Mahkeme başvuru kararında özetle; aynı kamu idaresi veya kurumunda aynı işi yapan ve aynı yerden talimat alan kamu kurumunun işçisi ile alt işveren işçisinin farklı maaş ve özlük haklarına tabi olmasının çalışanlar arasında eşitsizliğe neden olduğu, çalışma barışını bozduğu, devletin çalışanların yaptıkları işe uygun adaletli bir ücret elde etmeleri için gerekli tedbirleri alma şeklindeki anayasal yükümlülüğüyle bağdaşmadığı belirtilerek kuralın Anayasa’nın Başlangıç kısmı ile 10., 49. ve 55. maddelerine aykırı olduğu itirazı ileri sürülmüştür. İtirazı esastan inceleyen Anayasa Mahkemesi; diğerleri yanında özellikle aşağıdaki gerekçe ile; 4857 sayılı İş Kanunu’nun 2. madde dokuzuncu fıkranın (b) bendinde yer alan “…personel kanunları veya ilgili diğer mevzuat…” ibaresinin Anayasa’ya aykırı olmadığına ve itirazın reddine oybirliğiyle karar1 vermiştir; “Yüklenicinin çalışanlarının işvereninin yüklenici olduğu, bu nedenle yükleniciye karşı sorumlu oldukları, söz konusu iş sözleşmesinin taraflarının yüklenici ile çalışanı olduğu, çalışılan idarenin bu iş sözleşmesinin tarafı olmadığı, buna karşılık kurum, kuruluş ve ortaklıkların kendi çalışanlarının işvereninin idare olduğu, sorumluluklarının idareye karşı olduğu, işe giriş koşul ve yöntemlerinin, hukuki sorumlulukları ile tabi oldukları mevzuat hükümlerinin farklı olduğu gözetildiğinde yüklenicinin çalışanları ile kurum, kuruluş ve ortaklıkların kendi çalışanları arasında personel kanunları veya ilgili diğer mevzuat hükümlerine göre belirlenen mali hak ve sosyal yardımlar bakımından farklılık yaratılmasının nesnel ve makul bir nedene dayanmadığı söylenemez. Ayrıca yüklenicinin çalışanlarının işveren idarenin sağlamış olduğu mali ve sosyal haklardan yararlanamaması kurum, kuruluş ve ortaklıklarında işi alt işveren olarak yüklenen yüklenicinin kendi çalışanlarıyla işi gerçekleştirdiği yerin ayrı bir işyeri olarak kabul edilmesi ve işveren idare ile alt işveren yüklenicinin çalışanları arasında bir iş sözleşmesinin bulunmamasının da bir sonucudur.

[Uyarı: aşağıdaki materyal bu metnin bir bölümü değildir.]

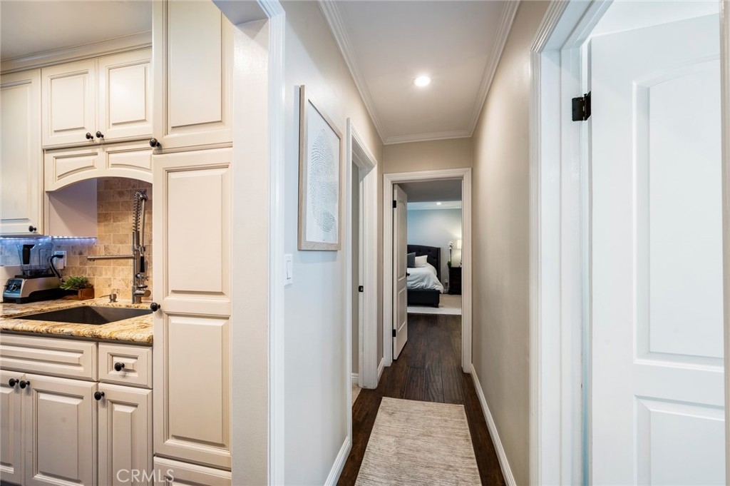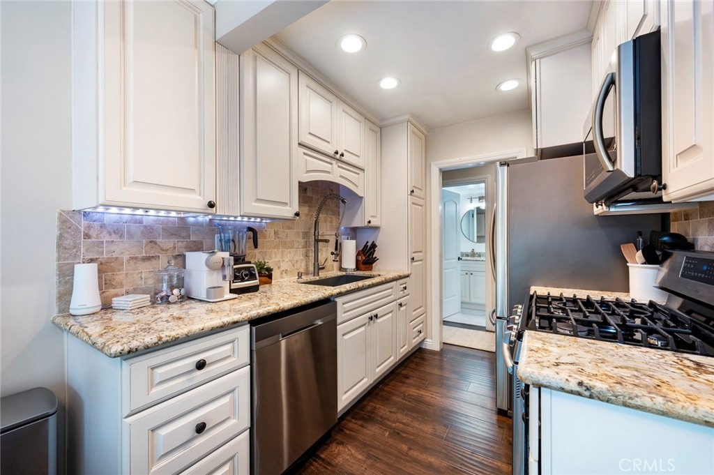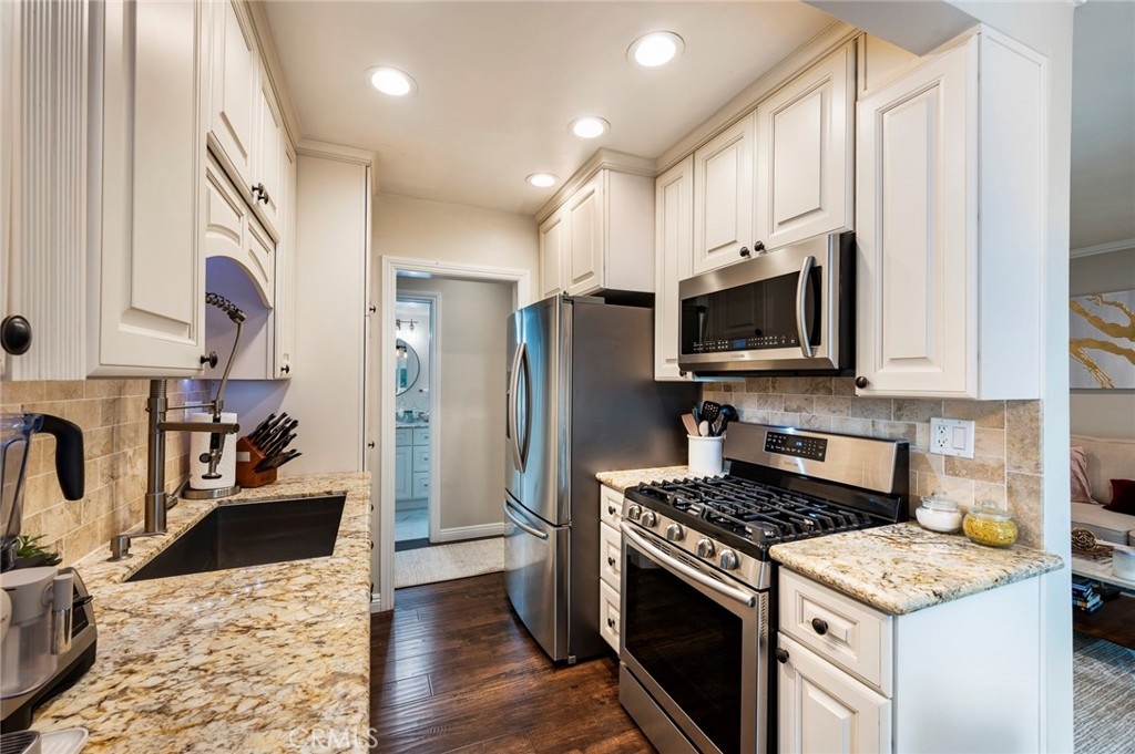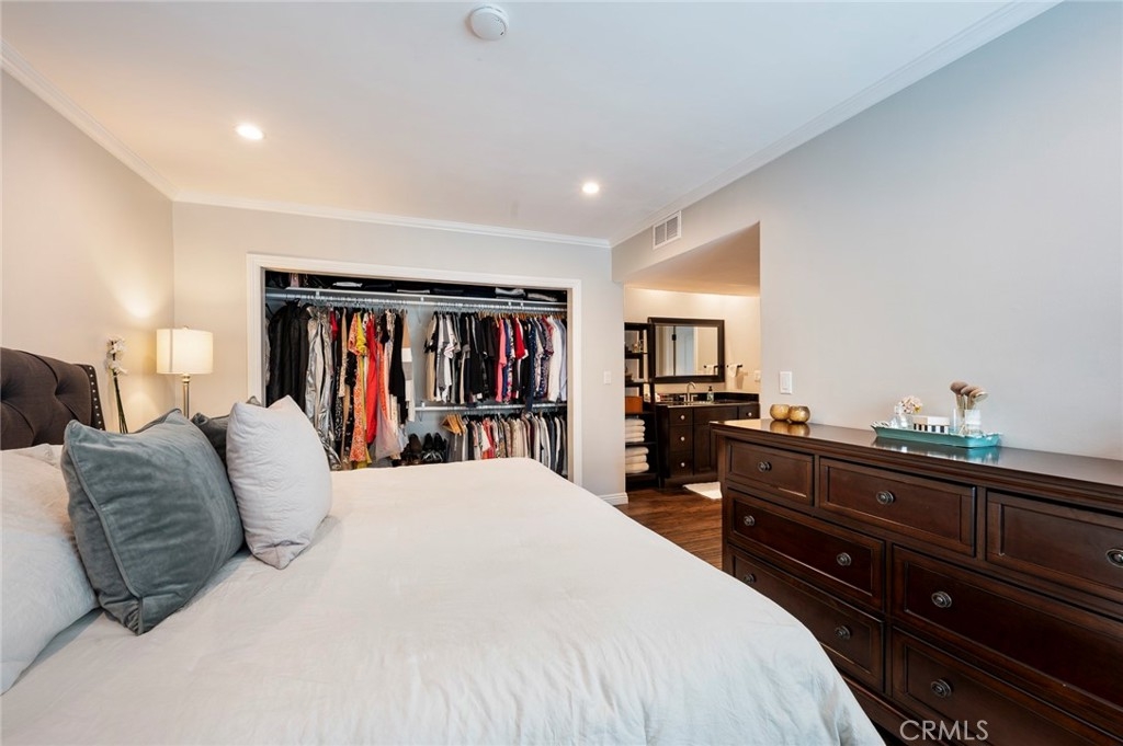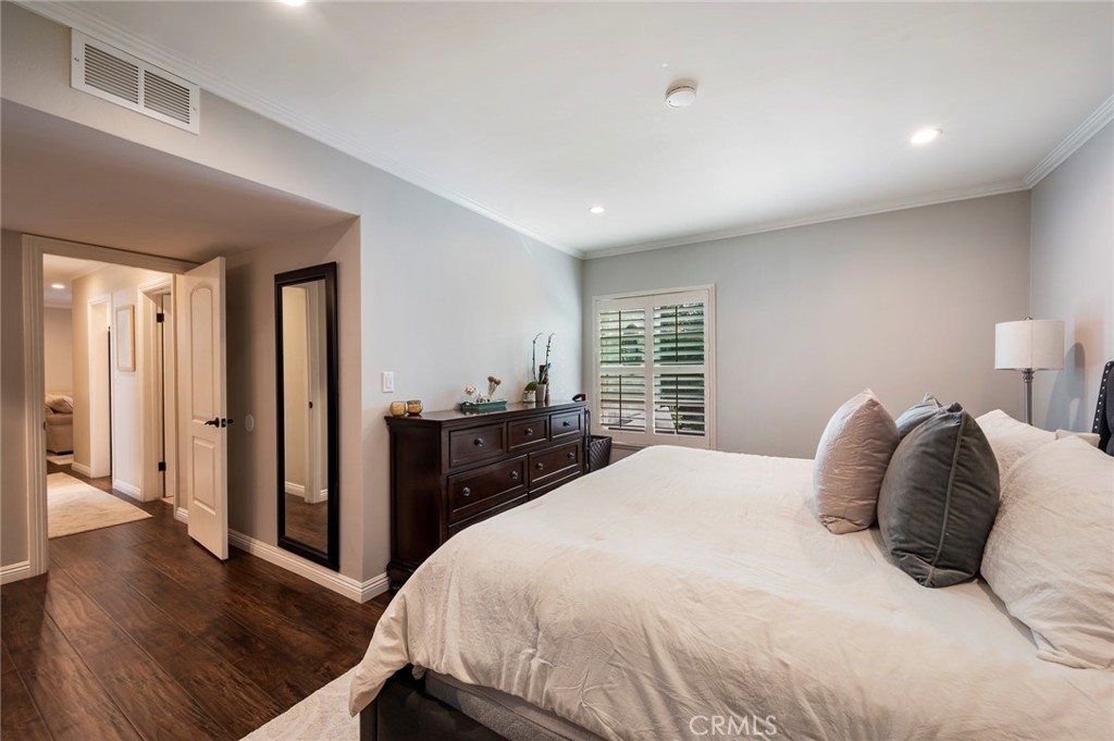 We are proud to present this beautifully remodeled condo. In the prestigious, and quiet Woodlake Village community. The owners did not spare a dime throughout living here. They have made updates as follows: New hardwood flooring, new baseboards, new crown molding, new windows, and new sliding doors. They removed the popcorn ceiling, and inserted dimmable canned lighting. All new kitchen with quality cabinets, and stainless-steel appliances. Completely remodeled bathrooms with beautiful finishes/high end shower controls. Stand up shower in the master bedroom surrounded by beautiful subway tiles and a niche for convenience and tub in the guest bathroom with a niche as well flanked by a beautiful bronze accent wall. Added washer and dryer in the unit and ran power to the garage to accommodate a powered garage door as well as a plug for an electric vehicle. Completely remodeled backyard with travertine tiles surrounded perimeter with Japanese boxwood plants and Australian beach cherry hedges. Backyard is perfect for entertaining with a lovely fountain, seating area and grill. Make this home yours before someone else does!!!

Öte yandan kural, yüklenicinin çalışanlarının hiçbir şekilde kurum, kuruluş veya ortaklıkların kendi çalışanlarına personel kanunları veya ilgili diğer mevzuat hükümlerine göre belirlenen mali ve sosyal haklardan yararlanmamasını öngörmemekte olup yalnızca yüklenici aracılığıyla bu kurum, kuruluş veya ortaklıklarda çalışmış olmanın bu hakları sunmayacağını hükme bağlamaktadır.”